Category: Transplantation

  • 2002 Transplantation: Clinical

Authors

  • Caliskan, Yasar, Saint Louis University School of Medicine, Saint Louis, Missouri, United States
  • Safak, Seda, Istanbul Universitesi Istanbul Tip Fakultesi, Istanbul, Istanbul, Turkey
  • Oto, Ozgur Akin, Istanbul Universitesi Istanbul Tip Fakultesi, Istanbul, Istanbul, Turkey
  • Velioglu, Arzu, Marmara Universitesi, Istanbul, Istanbul, Turkey
  • Yelken, Berna, Koc Universitesi, Istanbul, Istanbul, Turkey
  • Dirim, Ahmet Burak, Istanbul Universitesi Istanbul Tip Fakultesi, Istanbul, Istanbul, Turkey
  • Yildiz, Abdulmecit, Bursa Uludag Universitesi, Bursa, Turkey
  • Mirioglu, Safak, Istanbul Universitesi Istanbul Tip Fakultesi, Istanbul, Istanbul, Turkey
  • Guller, Nurana, Istanbul Universitesi Istanbul Tip Fakultesi, Istanbul, Istanbul, Turkey
  • Yazici, Halil, Istanbul Universitesi Istanbul Tip Fakultesi, Istanbul, Istanbul, Turkey
  • Ersoy, Alparslan, Bursa Uludag Universitesi, Bursa, Turkey
  • Turkmen, Aydin, Istanbul Universitesi Istanbul Tip Fakultesi, Istanbul, Istanbul, Turkey
  • Lentine, Krista L., Saint Louis University School of Medicine, Saint Louis, Missouri, United States
Background

We examined the clinical course of living donors (LDs) to recipients with atypical hemolytic-uremic syndrome (aHUS) and C3 glomerulopathy (C3G) and compared their outcomes with a control group to improve understanding of the clinical course and outcomes of living donation in this context.

Methods

The cohort of LDs of aHUS/C3G recipients (Complement-LD group) and propensity score-matched control LDs without any family history of aHUS/C3G (Control-LD group) were retrospectively identified from data at 4 transplant centers (2003-2021).

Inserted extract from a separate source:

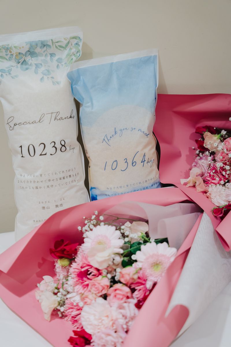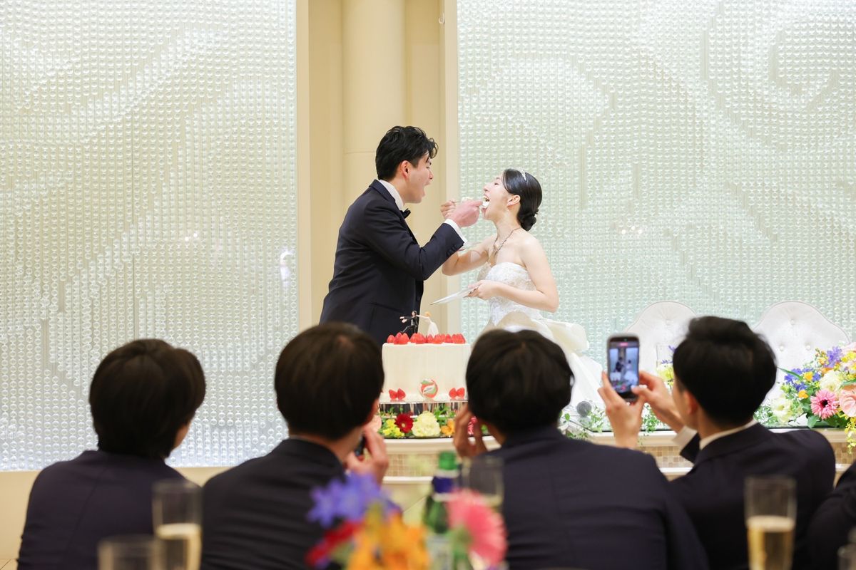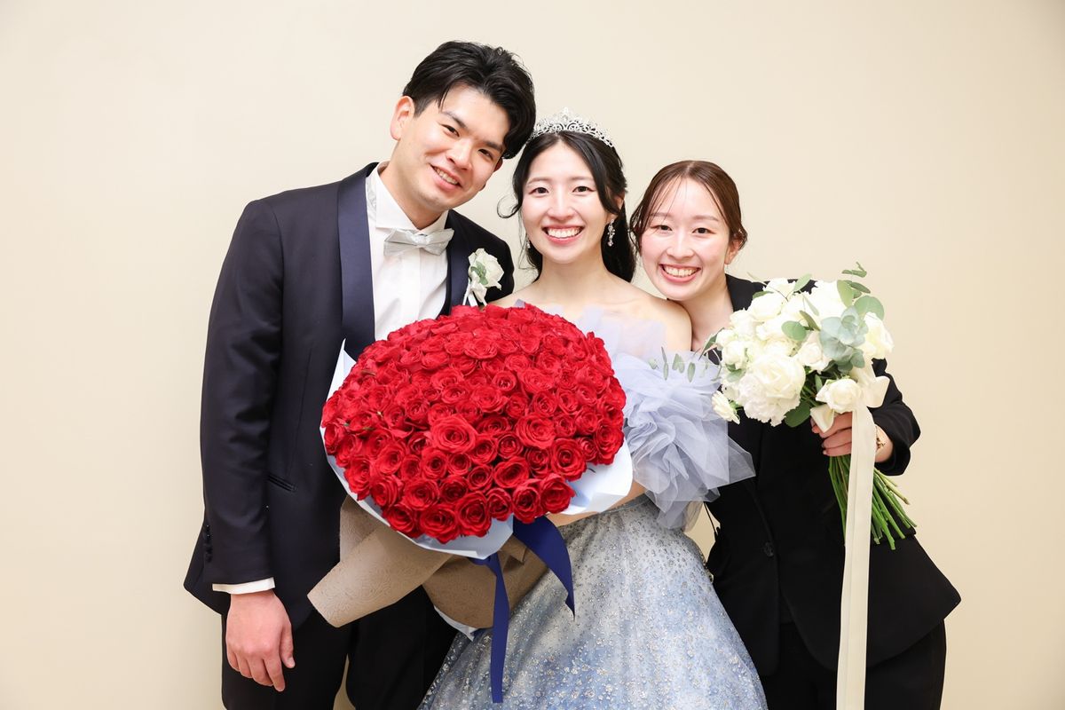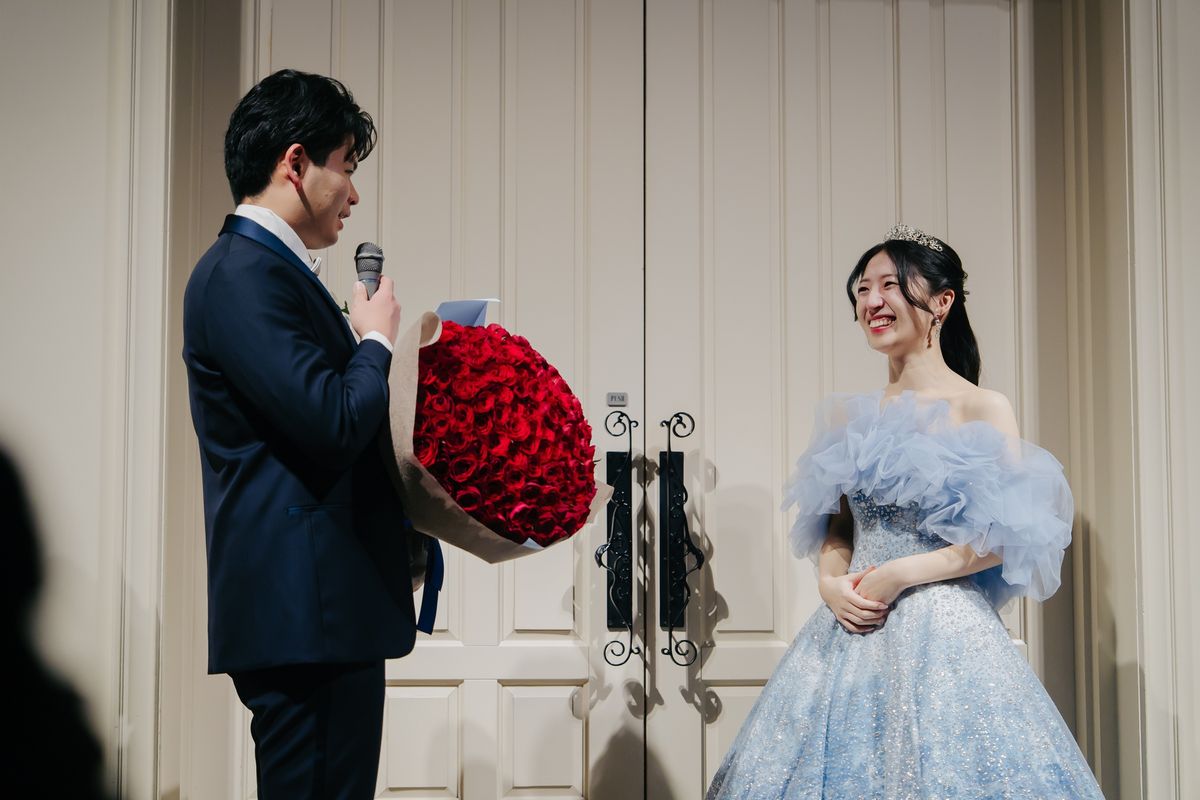 様々なことにこだわりを盛り込んだおふたりですが、特にファーストバイトでご新婦が両方食べるという演出や、サプライズで登場させたデザートビュッフェには、ゲストの皆様も大いに盛り上がりました。 また、ご新婦がゲストとご家族に宛てたお手紙を読まれた際は、会場が感動的な雰囲気に。さらに、ご新郎からご新婦へ、108本の薔薇を贈るサプライズもあり、ご新婦の嬉しそうな表情に、会場が温かく幸せな空気に包まれました。

LD were followed for major cardiac events (MACE), de novo hypertension, cancer, death, post-donation eGFR and proteinuria.

Results

The cohort comprised 24 LD to recipients with aHUS (46%) and C3G (54%) including 18 related LDs. Long-term outcomes were compared with propensity score-matched control group over 5 years (IQR,3-11.8) follow-up. During follow-up, none of the LDs in complement-LD group developed MACE whereas two LDs in control-LD group developed MACE (18.5%) after 8 (IQR,2.6-12.8) years (p=0.15). New-onset hypertension was similar between groups (20.8% vs 25%, p=0.73) (Table 1). There were no differences between study groups regarding last eGFR and proteinuria levels (p=0.11 and p=0.40, respectively). None of the donors developed kidney failure (eGFR<15ml/min/1.73m2 or dialysis). In complement-LD group a related donor developed gastric cancer and another related donor developed a brain tumor and died at 4th year after donation (Table 1).

Conclusion

The risks of kidney failure, cardiovascular disease, de novo aHUS and C3G in carefully selected LD to recipients with aHUS and C3G appear to be low. Cancer development in related LDs of recipients with complement mediated disease may need further investigation.